The artist’s true status quo is—or should be—communication. We make art in order to start a dialogue, to engage hearts and minds, to pose important questions.
Yet rather than use their voices to join in conversation with other voices, some of which may represent differing points of view, the artists in question have decided to take their marbles and go home. The implication is that if any other subjectivity touches theirs, their own point of view is contaminated and compromised. But if you refuse to engage with the people who disagree with you, who exactly are you talking to?
That’s not to say that resignations are never called for. If you believe that your work for any organization causes material harm, you have a duty to resign. Certainly Google Engineers concerned about aiding the Israeli military could have resigned before they were fired, as should anyone connected with the IDF’s horrifying AI targeting system. But that’s substantially different from resigning because a publication or an organization gives space to perspectives that differ from your own.
In my conversations with thoughtful people about the future of Israel, I have heard many idealists advocate a One State solution, with the state in question envisioned as diverse, multicultural, tolerant, pluralistic, and democratic: Jews and Arabs living side by side in peace and harmony. I love this idea, despite having doubts as to whether it can be achieved in the lifetime of anyone currently on earth. But it seems to me that believing in the possibility of two groups of people who hate and fear each other living peacefully together requires cultivating the ability to do the same. If advocates for a “Free Palestine” cannot tolerate sharing classrooms, festivals, and literary magazines with those who support the continued existence of the State of Israel, then how on earth is a peaceful solution possible in Gaza? If there is an outcome that is neither gladiatorial nor genocidal, shouldn’t artists, whose job it is to imagine, be the ones to show us what it looks like?
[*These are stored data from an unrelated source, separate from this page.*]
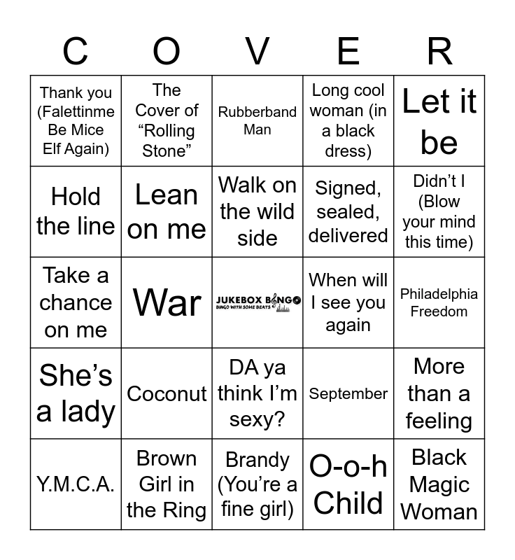 This bingo card has a free space and 51 words: Back Stabbers, Black Magic Woman, Cat Scratch Fever, Brandy (You’re a fine girl), Coconut, Come and get your love, The Cover of “Rolling Stone”, Got to be real, Hold the line, I can see Clearly now, Lean on me, Long cool woman (in a black dress), More than a feeling, September, Play that funky music, Two tickets to paradise, Walk on the wild side, When will I see you again, IN the summertime, Let it be, War, O-o-h Child, Thank you (Falettinme Be Mice Elf Again), Signed, sealed, delivered, Lookin’ out my back door, Green eyed lady, Didn’t I (Blow your mind this time), (Don’t fear) The Reaper, Y.M.C.A., Rubberband Man, Grease, Love Machine, Funkytown, Heart of Glass, Mamma Mia, Brown Girl in the Ring, DOn’t stop ’Til you get enough, Love’s Theme, Don’t leave me this way, Love will keep us together, Philadelphia Freedom, She’s a lady, Dancing in the moonlight, Don’t stop me now, Shine a little love, Ring my bell, Take a chance on me, Blame it on the boogie, We are Family, DA ya think I’m sexy? and Dancing Machine.
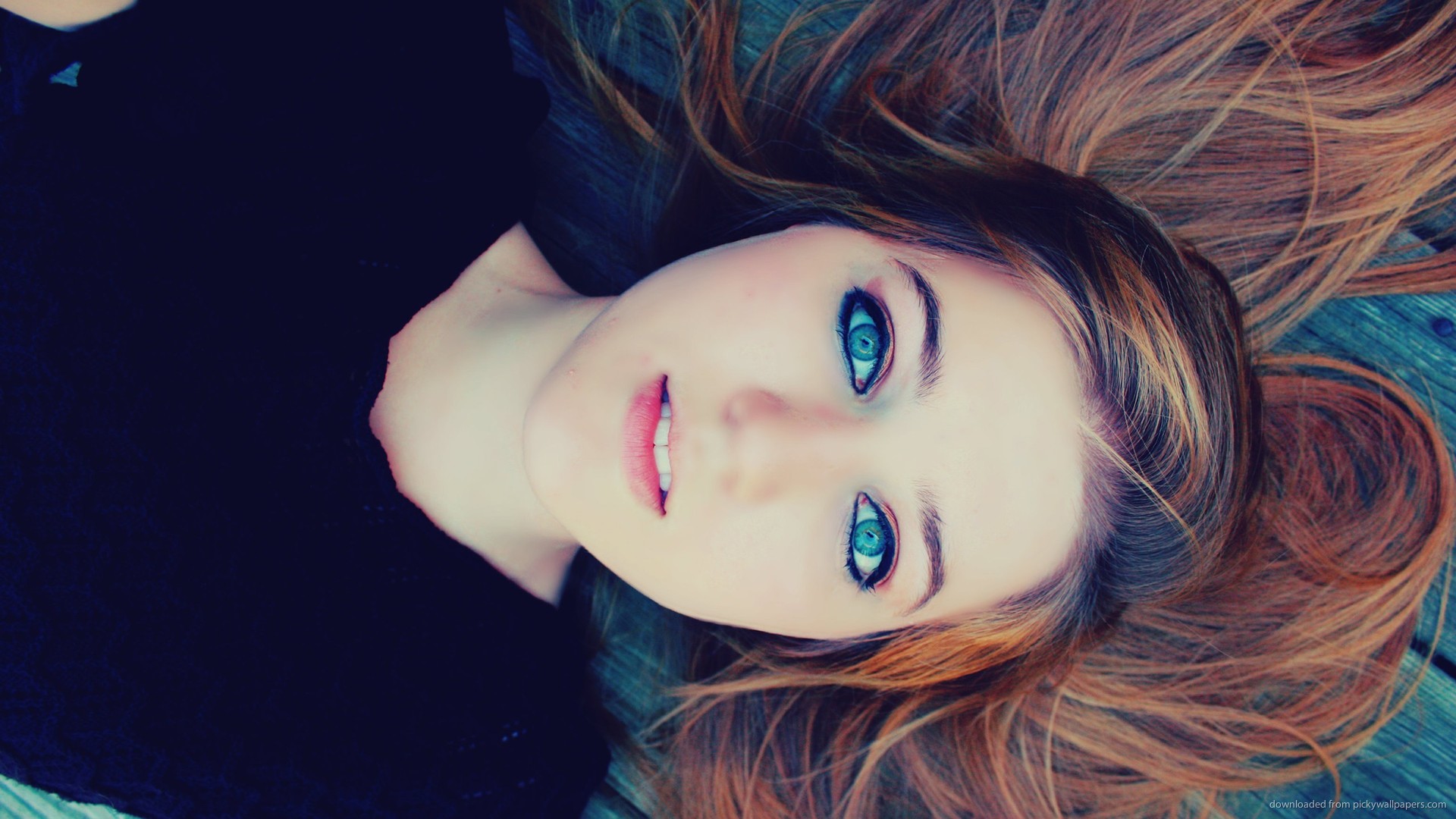 Description: A woman with long hair laying on a wooden floor with her eyes open and eyes wide open.
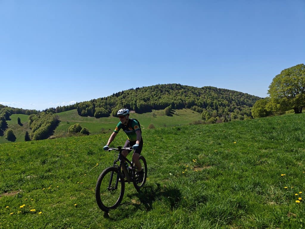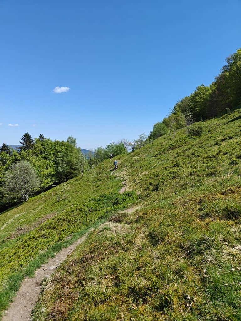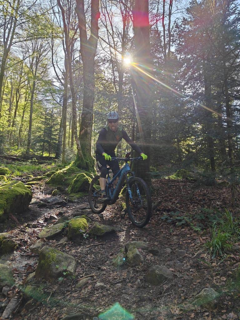 Wij waren zijn eerste gasten die met hem het mooie gebied van de Vogezen in trokken, omgeving Giromagny. De eerste rit was al een behoorlijke wake up call… Nog maar nauwelijks op pad met de E-mtb kregen we al de nodige uitdagingen voor onze wielen. Dit was de opmaat voor een hele mooie MTB week in een schitterend decor.
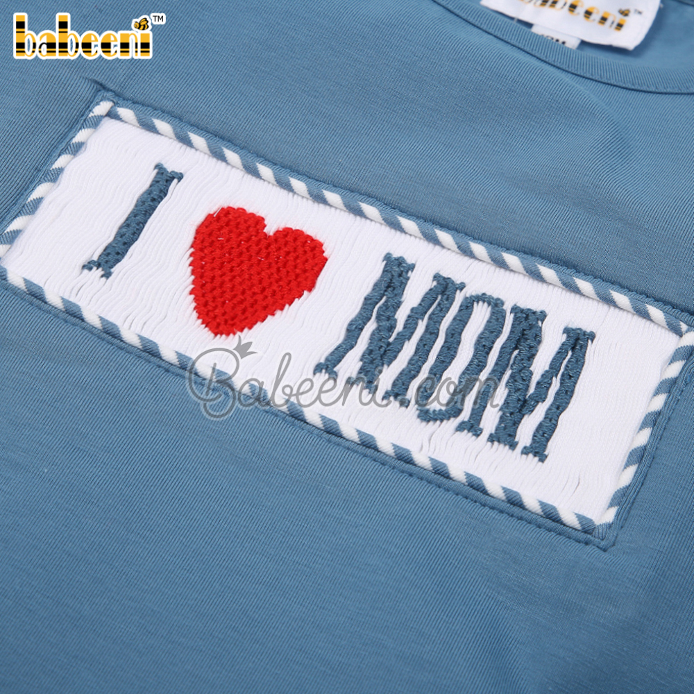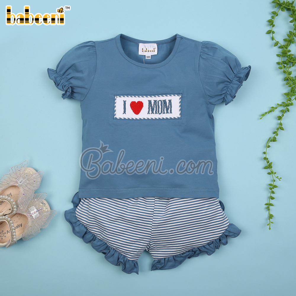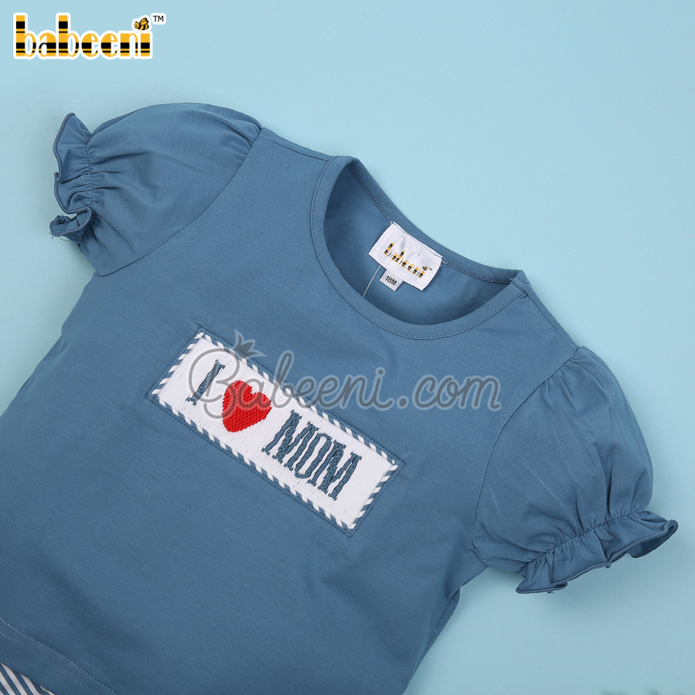 I love Mom hand smocked girl set clothing – BB3049A

In this light, the various displays of “strength,” “principle” and “courage” at American institutions of Arts and Letters look more like weakness, selfishness, and jejune posturing. The real business of waging peace requires working with people who disagree with you and staying engaged in a struggle that will inevitably result in conflicts among allies. Perhaps those who are calling for a #ceasefirenow don’t understand how ceasefires are actually achieved: two parties who hate each other sit down in the same room and hammer out an outcome that neither one likes but that they both can live with.
With a sigh,
Dashka
It's moments like we're in now where I cannot stop thinking about horseshoe theory. Great, nuanced piece–I have found it interesting how many voices taking a stand by silencing themselves have also not spoken up about the unmitigated literary censorship happening across the country.
Great essay. I think you’re a bit too tough on Israel—considering Oct. 7 and Iran’s missile barrage—but overall fair, reasonable and passionate for the good. I’m very concerned about what seem to be totalitarian tendencies on the Left. Isn’t it bad enough that the extreme right is heading in authoritarian directions?